HBと2Bで書いたノート。。。真っ黒になるのはどっち?

そして、心の発達途中の子どもはそんな些細なことで自信を持ったり、失くしたりします。

指先が器用なのは、字も上手に書け、絵も思い通りに描けます

センスはあるかもしれませんが、前提として好きになる事が大切です。

センスがあるのに不器用で・・・となると、絵画制作って苦痛でしかなくなってきますよね

◆意欲が沸いて、好き嫌いも減少

乳幼児期は、細胞分裂が一番盛んなときで沢山の栄養を体が必要としています。

だから、なんでも沢山食べてもらいたいですよね。

じっと座っていれば、「あ~ん」と食べさせてくれるのは楽だけれど

何も発達しないし、意欲も育ちません

それどころか、また退屈な時間・・・食欲減少。。。拒否

となる事も多いのです。

最初に子ども達が手づかみ食べを始めたころは、お皿をひっくり返したり食べ物をあっちにいれたりこっちにいれたり。。。。。困ったとなります。
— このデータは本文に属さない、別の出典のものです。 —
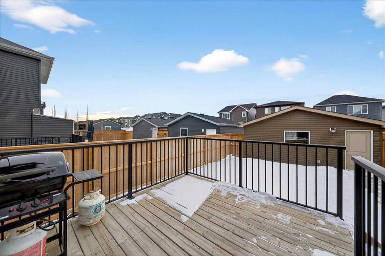 OPPORTUNITY CALLS - EVERYTHING YOU NEED IN THE DESIRABLE COMMUNITY OF EVANSTON - This amazingly cared for home is ready for you the moment you step inside — settled, comfortable, and confidently put together by owners who’ve treated it well from day one.The bright and open main floor sets the tone right away. Light moves easily through the home, surfaces are clear, and the details do their work in the background. Simple window coverings keep things crisp, while box valances on the main level add a layer of warmth and finish — a small design choice that makes the space feel complete. The kitchen, dining, and living areas flow naturally, giving everyday life room to breathe and gatherings space to unfold without effort. The open concept gives you everything you need at your fingertips. Upstairs, a large and spacious PRIMARY BEDROOM WITH A DEDICATED, OVERSIZED ENSUITE, two secondary bedrooms, and laundry placed where it actually gets used. The ensuite itself is finished with QUARTZ COUNTERTOPS, a GLASS SHOWER, and a DUAL VANITY — UPGRADED, practical, and done right.Outdoor living extends the home in both directions. The east-facing, FULL-WIDTH FRONT PORCH catches the morning sun and sets a welcoming first impression, while the WEST-FACING BACKYARD takes over later in the day. Fully fenced and sodded, with a rear deck, concrete hot tub pad and a DOUBLE DETACHED GARAGE WITH ADDITIONAL home access from the alley. This is a yard that works hard without asking much back — space for kids, casual BBQs, or evenings that stretch a little longer.The location quietly does a lot for daily life. ONE BLOCK AWAY, GREENSPACE WITH WALKING PATHS and a playground becomes part of routine, not a planned outing. Schools are close enough for real independence as kids grow, and pathways thread through the community, connecting to LARGER GREEN AREAS with lookout points, naturalized sections, and room to roam. Shops, services, and everyday conveniences are minutes away, and STONEY TRAI L IS CLOSE AT HAND — easy access without living in its shadow.CLEAN, COMPOSED, AND CLEARLY WELL CARED FOR. The next step isn’t overthinking it — it’s seeing it. Schedule a showing and let the house speak for itself. (id:26452)

でも大丈夫、遊び食べは悪い事と思うのは大人からのマナー

子ども達は、『食事』と『あそび』の区別がついていないだけです

ここは、大人が援助して「美味しいよ!」と一緒に食べるマネをしたり

口に入れて味見をさせたりすることで、『あ~ これは食べるもの』と認識します

何度もきちんと同じ場所で繰り返すことで、ここに座ったらあそびじゃなくて

と認識するようになります。

最初は、マナーはおいておいて

どんな形でも食べれたことをしっかりと褒めていきましょう。

やんちゃで叱られてばかりの子でも、ここは褒められる出番!となって

さらに張り切って食べてくれるようになりますよ♪

食への意欲は、その後の諸々の成長にすべて関わってきます

ぼ~っとしている子、切れやすい子、元気がない子

こんな状態では、成長する事も出来ません。

全ては、食から!!

しっかりと、手づかみ食べをしながら食事に対して意欲を持ち

十分な栄養を体に与えて、意欲的にあそび多くのものを吸収して健やかに成長して欲しいですね!

手づかみ食べはとても大切だとわかって頂けたでしょうか?

スプーンやお箸を使う事は、3歳過ぎてからでも十分に間に合います。

トイレトレーニングもそうですが、「親の早く出来て欲しい気持ち」より

子どもの発達をしっかりと見たほうが、スムーズに移行でき、変な癖が出来ないのです。

子育てでは、時期まで待つことはとても大切です。